━━ Source data

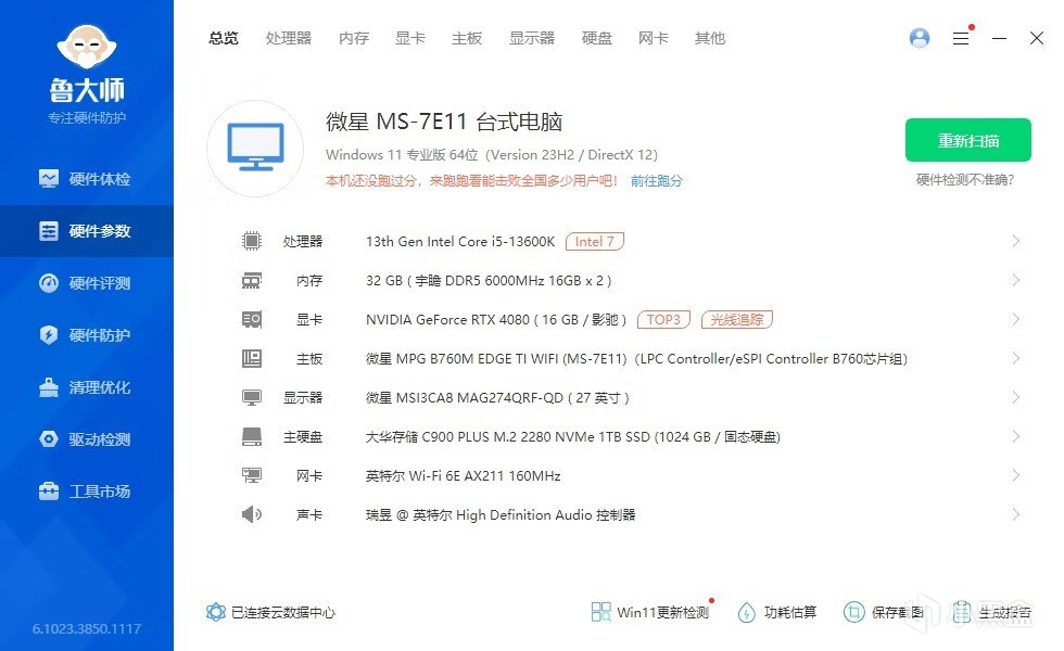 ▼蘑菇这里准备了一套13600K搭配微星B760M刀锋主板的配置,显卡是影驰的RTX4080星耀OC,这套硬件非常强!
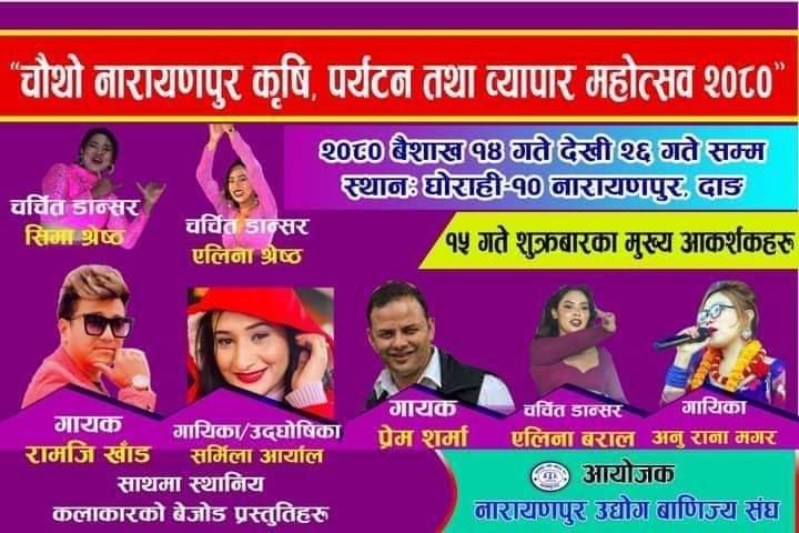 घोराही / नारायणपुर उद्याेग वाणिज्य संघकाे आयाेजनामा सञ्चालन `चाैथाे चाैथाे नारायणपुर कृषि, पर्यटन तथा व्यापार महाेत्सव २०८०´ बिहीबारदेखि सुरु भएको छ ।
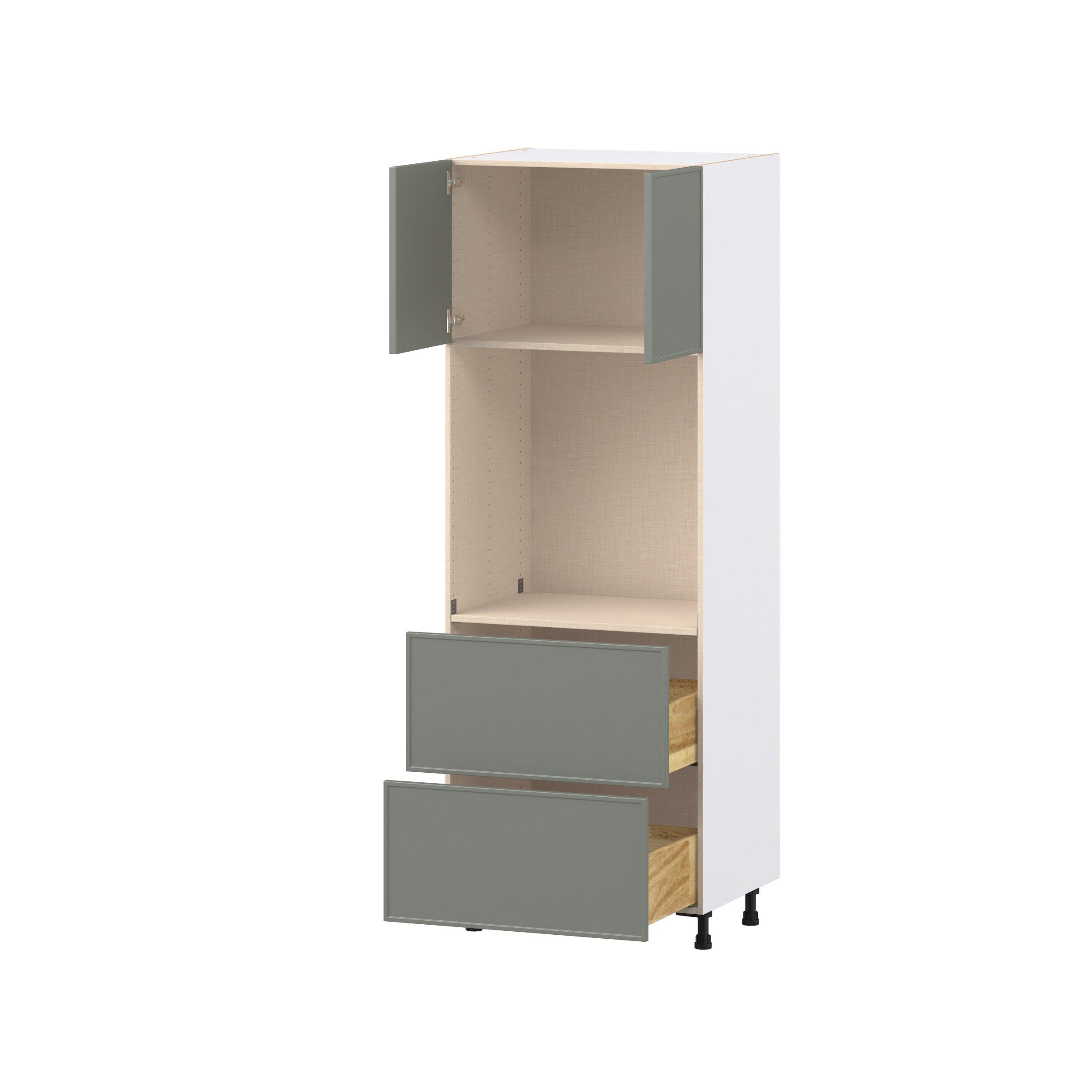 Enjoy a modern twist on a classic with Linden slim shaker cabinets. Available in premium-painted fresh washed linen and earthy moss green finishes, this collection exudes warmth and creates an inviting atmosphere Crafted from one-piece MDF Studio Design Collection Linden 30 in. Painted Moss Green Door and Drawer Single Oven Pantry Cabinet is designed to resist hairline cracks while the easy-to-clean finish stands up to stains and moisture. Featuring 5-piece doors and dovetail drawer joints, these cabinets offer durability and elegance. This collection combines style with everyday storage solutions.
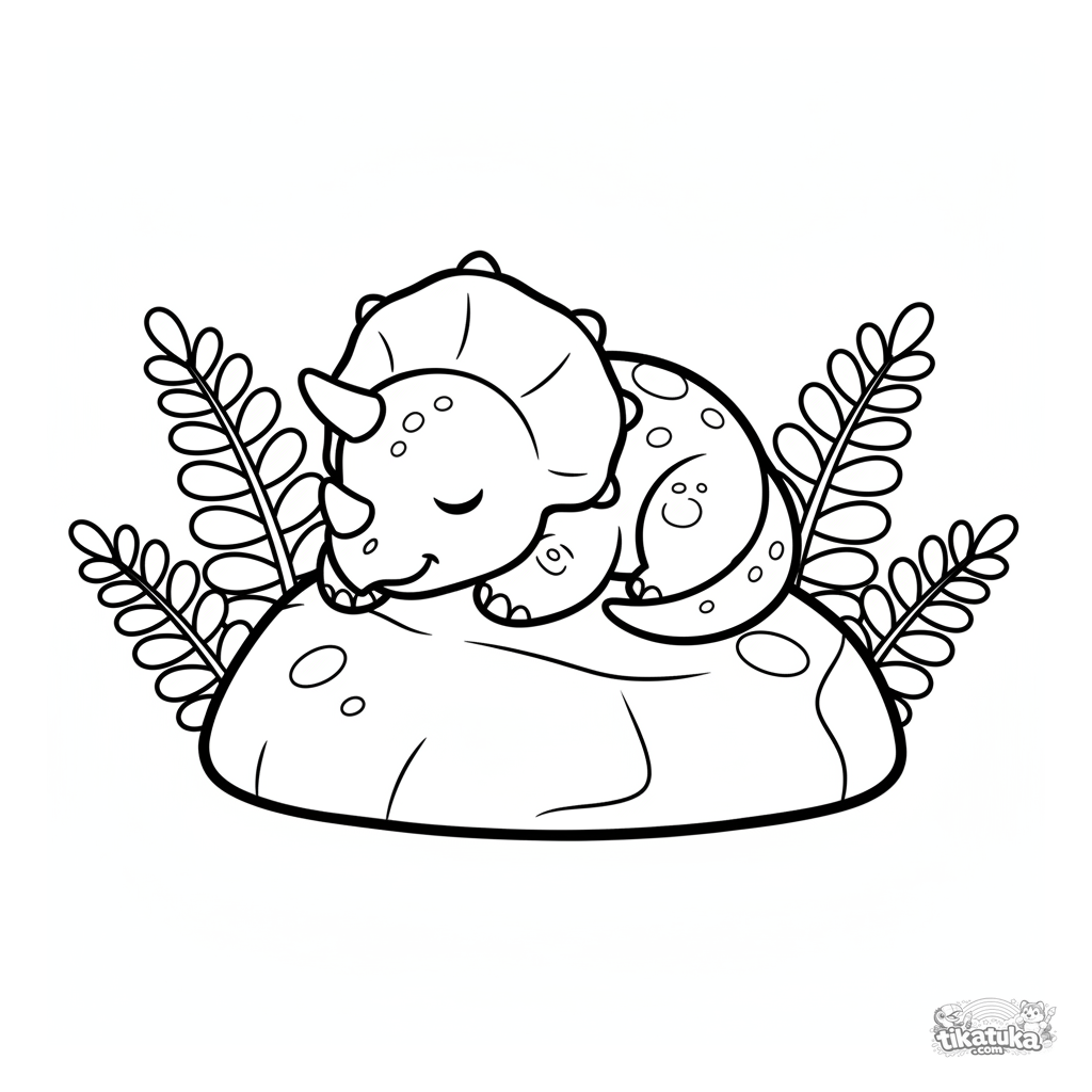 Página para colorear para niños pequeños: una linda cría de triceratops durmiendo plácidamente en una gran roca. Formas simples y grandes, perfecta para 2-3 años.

━━━━
━━ Source data

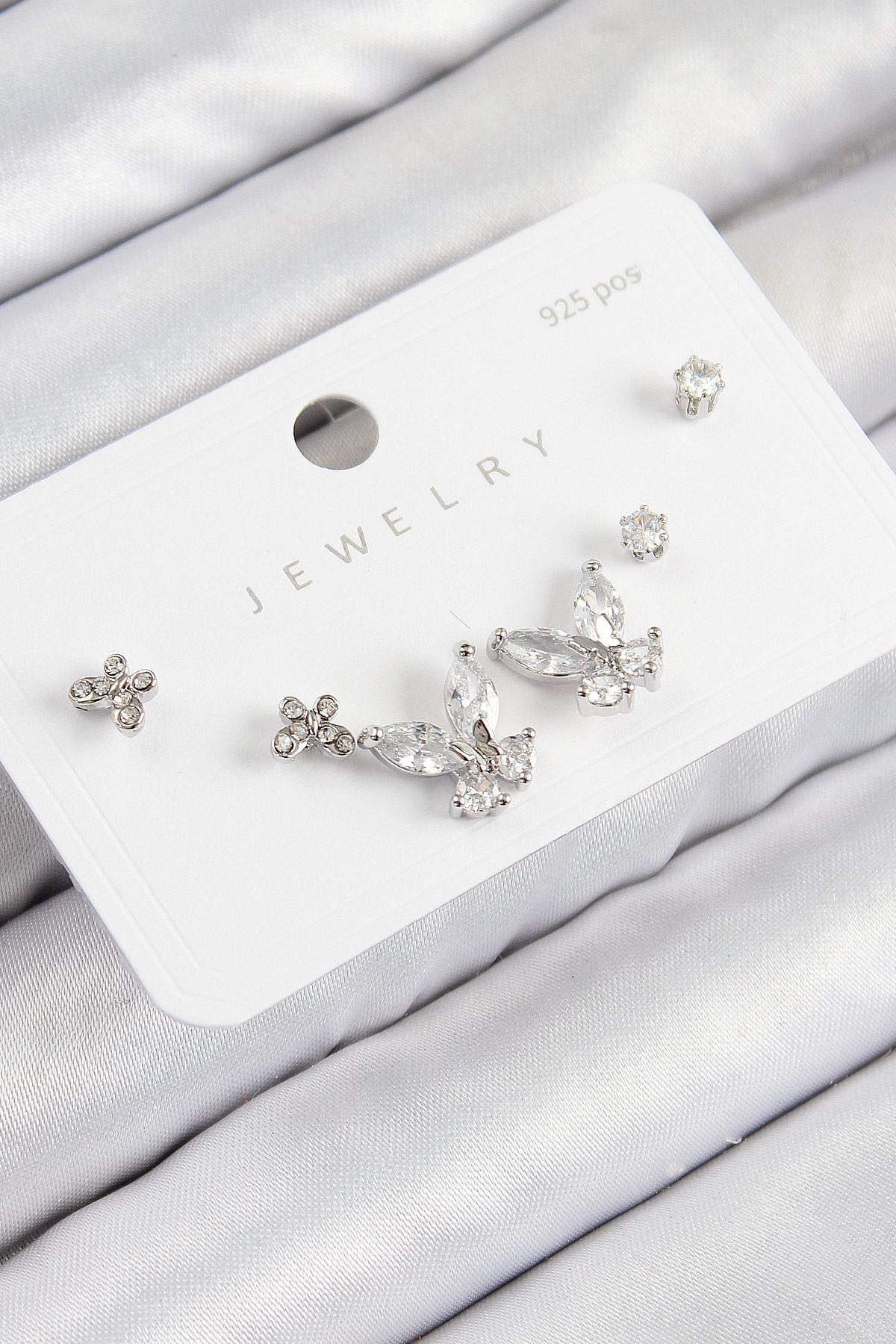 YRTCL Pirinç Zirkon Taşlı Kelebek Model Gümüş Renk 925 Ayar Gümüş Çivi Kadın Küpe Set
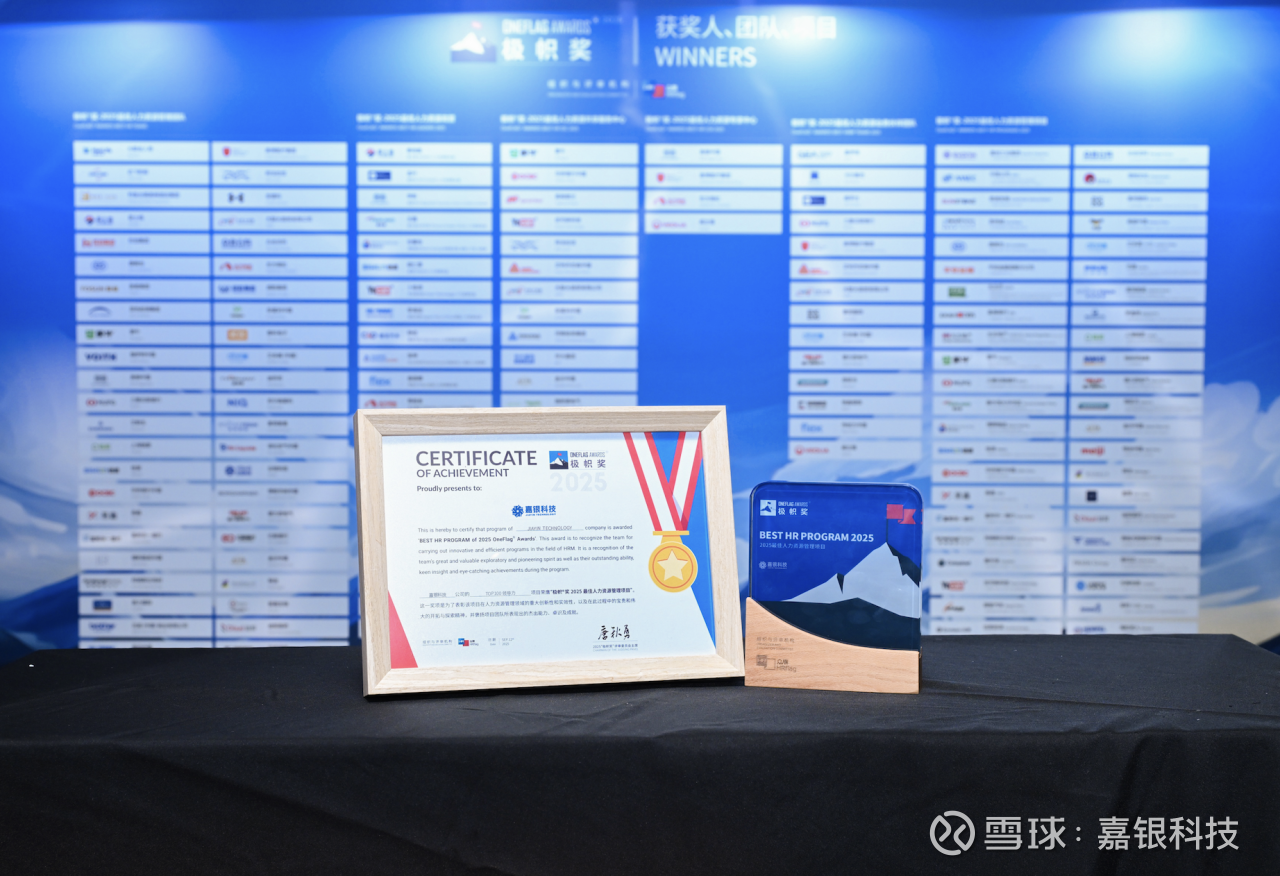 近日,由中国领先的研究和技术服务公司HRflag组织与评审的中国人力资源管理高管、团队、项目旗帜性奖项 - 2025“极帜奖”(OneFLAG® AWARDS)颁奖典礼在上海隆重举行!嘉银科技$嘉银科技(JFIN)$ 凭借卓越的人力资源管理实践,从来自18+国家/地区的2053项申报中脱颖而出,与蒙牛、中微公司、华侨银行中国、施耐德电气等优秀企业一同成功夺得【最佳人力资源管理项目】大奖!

━━━━

Assigned task => From the records above, write out exactly the lines that begin at the line with "घोराही / नारायणपुर" and end at the line with "Página para colorear". Pictures must not appear in the output.

Exercise solution =>
 घोराही / नारायणपुर उद्याेग वाणिज्य संघकाे आयाेजनामा सञ्चालन `चाैथाे चाैथाे नारायणपुर कृषि, पर्यटन तथा व्यापार महाेत्सव २०८०´ बिहीबारदेखि सुरु भएको छ ।
 Enjoy a modern twist on a classic with Linden slim shaker cabinets. Available in premium-painted fresh washed linen and earthy moss green finishes, this collection exudes warmth and creates an inviting atmosphere Crafted from one-piece MDF Studio Design Collection Linden 30 in. Painted Moss Green Door and Drawer Single Oven Pantry Cabinet is designed to resist hairline cracks while the easy-to-clean finish stands up to stains and moisture. Featuring 5-piece doors and dovetail drawer joints, these cabinets offer durability and elegance. This collection combines style with everyday storage solutions.
 Página para colorear para niños pequeños: una linda cría de triceratops durmiendo plácidamente en una gran roca. Formas simples y grandes, perfecta para 2-3 años.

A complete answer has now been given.